If both are set, the environment variable from .env takes precedence.
streamlit run app.py- Paste a job description to extract 4–6 competencies with Bloom level assignments
- Generate scenario-based questions targeting Level 3–5
- Upload an existing quiz to see the side-by-side transformation: original MC question on the left, scenario version on the right, Bloom level badges on both
- Save the generated quiz to session state and disk
- Load a quiz from saved files or carry one over from Module 1
- Structured semi-interview: the AI interviewer covers all competency areas conversationally
- Interviewer neutrality protocol: no feedback, no teaching, no answer evaluation during the interview (consistent with structured interview methodology)
- Post-interview review: stats, scrollable transcript replay, Markdown export
- Transcripts saved to
data/transcripts/as JSON
- Load transcript(s) from session or saved files and evaluate against the competency framework
- Scoring grounded in specific evaluation criteria from each question, not just abstract competency descriptions
- Per-competency scores (1–5) with Bloom level demonstrated, justifications, and notable quotes
- Radar chart (or bar chart for < 3 competencies) for single-candidate view
- Batch comparison table, score distribution chart, and comparative ranking for multiple candidates
recruit/
├── app.py # Landing page
├── pages/
│ ├── 1_Quiz_Architect.py # Quiz generation & transformation
│ ├── 2_Interviewer.py # Conversational interview
│ └── 3_Evaluator.py # Candidate scoring & comparison
├── agents/
│ ├── architect.py # LLM calls: competency extraction, question generation, transformation
│ ├── interviewer.py # System prompt builder + chat completion
│ └── evaluator.py # LLM calls: candidate scoring + batch comparison
├── models/
│ └── schemas.py # Pydantic models (Quiz, Question, Competency, Transcript, etc.)
├── utils/
│ ├── llm.py # OpenAI client wrapper, retry logic, model selection
│ ├── export.py # Markdown export builders (comparison, transformed quiz)
│ ├── sidebar.py # Shared sidebar model selector
│ └── plotting.py # Plotly charts (radar, bar, comparison table)
├── tests/
│ ├── conftest.py # Shared fixtures (sample quiz, transcript, evaluation)
│ ├── test_schemas.py # Pydantic model validation tests
│ ├── test_utils.py # Utility function + plotting tests
│ └── test_agents.py # Agent logic tests (mocked LLM)
├── data/
│ ├── example_jd.md # Sample job description
│ ├── quizzes/ # Source quiz files (MC questions)
│ ├── generated/ # Saved quizzes from the Architect (gitignored)

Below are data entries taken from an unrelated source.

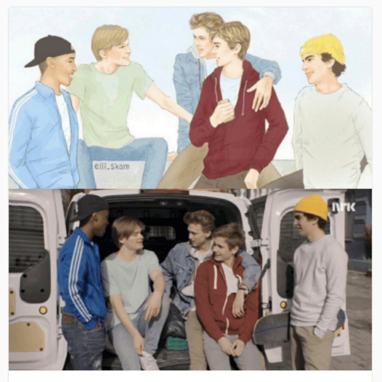 An illustration by Instagram user @elli_skam was used to determine the outfits of the boys crew in their first scene in season four. Credit: Tumblr Everything is Skam
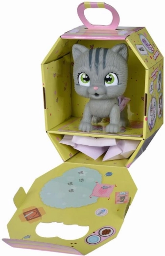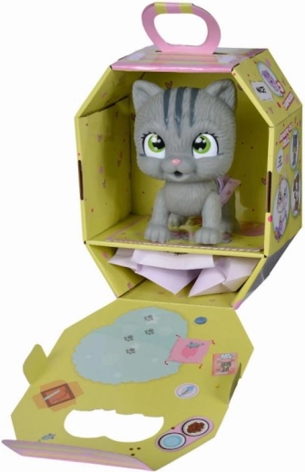 De set bevat: een kitten van 15 cm met luier, plasfunctie, 3 verrassingen en een adoptiecertificaat. Alles is verpakt in een stijlvol kartonnen doosje dat kan dienen als een draagbaar huisje. Cadeau-accessoires zijn verpakt in speciale zakjes.
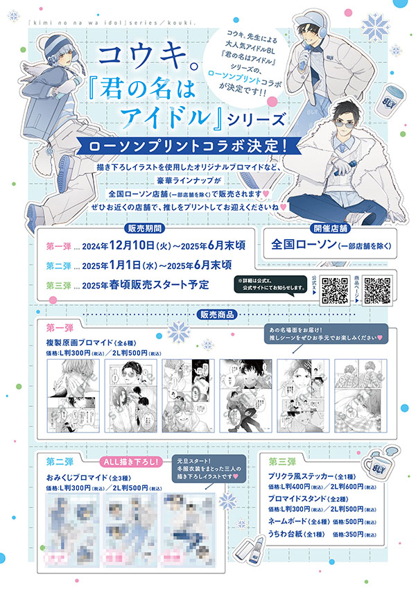コウキ。先生による大人気アイドルBL『君の名はアイドル』シリーズのローソンプリントコラボが決定です! ぜひチェックしてくださいね♡
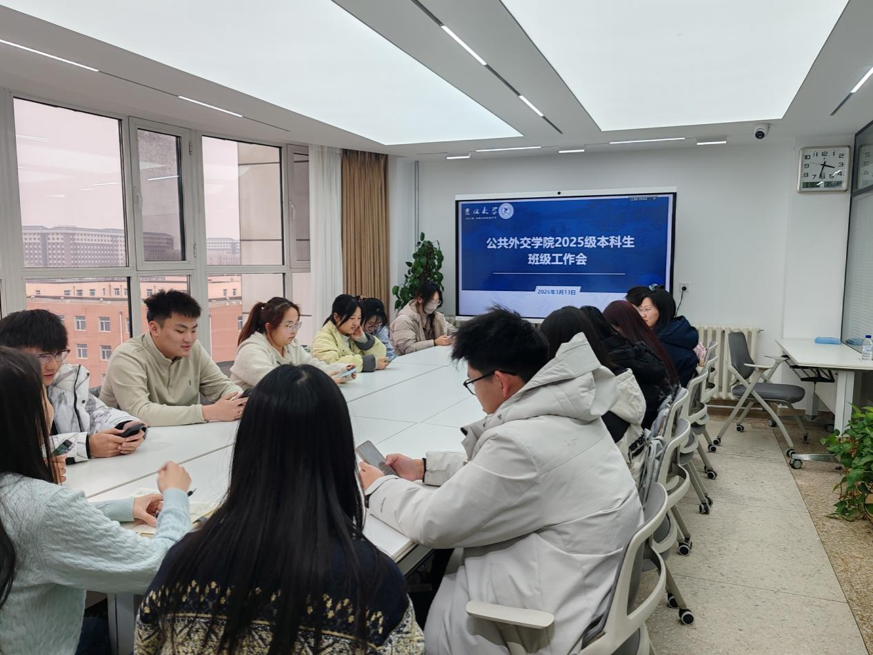 为总结过往经验,规划新学期班级工作,3月13日,公共外交学院召开2025级本科生班级工作会。会议由年级辅导员李季航老师主持,2025级班委成员参加。
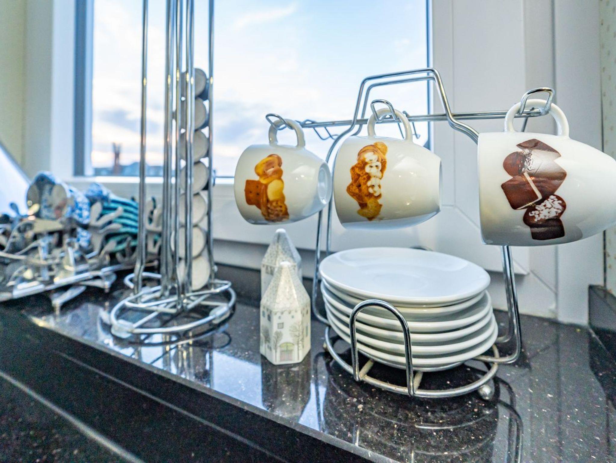 Kaffeemaschine, Nespresso-Maschine, Wasserkocher und Toaster sind ebenfalls vorhanden.
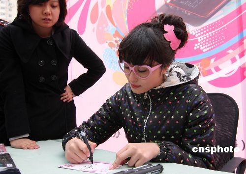 3月8日下午,熱播劇集《丑女無敵》中“林無敵”的扮演著李欣汝出現(xiàn)在青島為某產(chǎn)品宣傳的簽售現(xiàn)場。期間,應(yīng)青島粉絲們的請(qǐng)求李欣汝學(xué)說起了青島方言,逗得全場樂翻天。中新社發(fā) 李東升 攝

│ ├── transcripts/ # Interview transcripts (gitignored)
│ └── evaluations/ # Candidate evaluation results (gitignored)
├── pyproject.toml # Ruff + pytest configuration
├── requirements.txt
└── README.md
The data/ directory includes:
example_jd.md— job descriptiondata/quizzes/example_nlp_engineer.json— 20 multiple-choice NLP questions (questions and correct answers only; no pre-annotated Bloom levels)
Bloom level distribution in the example quiz: The Quiz Architect assesses the Bloom level of each original question automatically when you click "Extract Competencies." After transformation, the generated questions target Level 3+.
To try it: open the Quiz Architect page, select example_nlp_engineer from the "Load Interview Questions" picker, paste or load the example job description, then click "Extract Competencies." Once competencies are extracted, click "Transform Quiz" to see the side-by-side comparison and download it as Markdown.
- Anderson, L. W., & Krathwohl, D. R. (Eds.). (2001). A taxonomy for learning, teaching, and assessing: A revision of Bloom's taxonomy of educational objectives. Longman.
- Schmidt, F. L., & Hunter, J. E. (1998). The validity and utility of selection methods in personnel psychology. Psychological Bulletin, 124(2), 262–274.
- Association of American Medical Colleges. (2024). Structured Interview Guidelines for Residency Programs.
- Smith, P. C., & Kendall, L. M. (1963). Retranslation of expectations: An approach to the construction of unambiguous anchors for rating scales. Journal of Applied Psychology, 47(2), 149–155.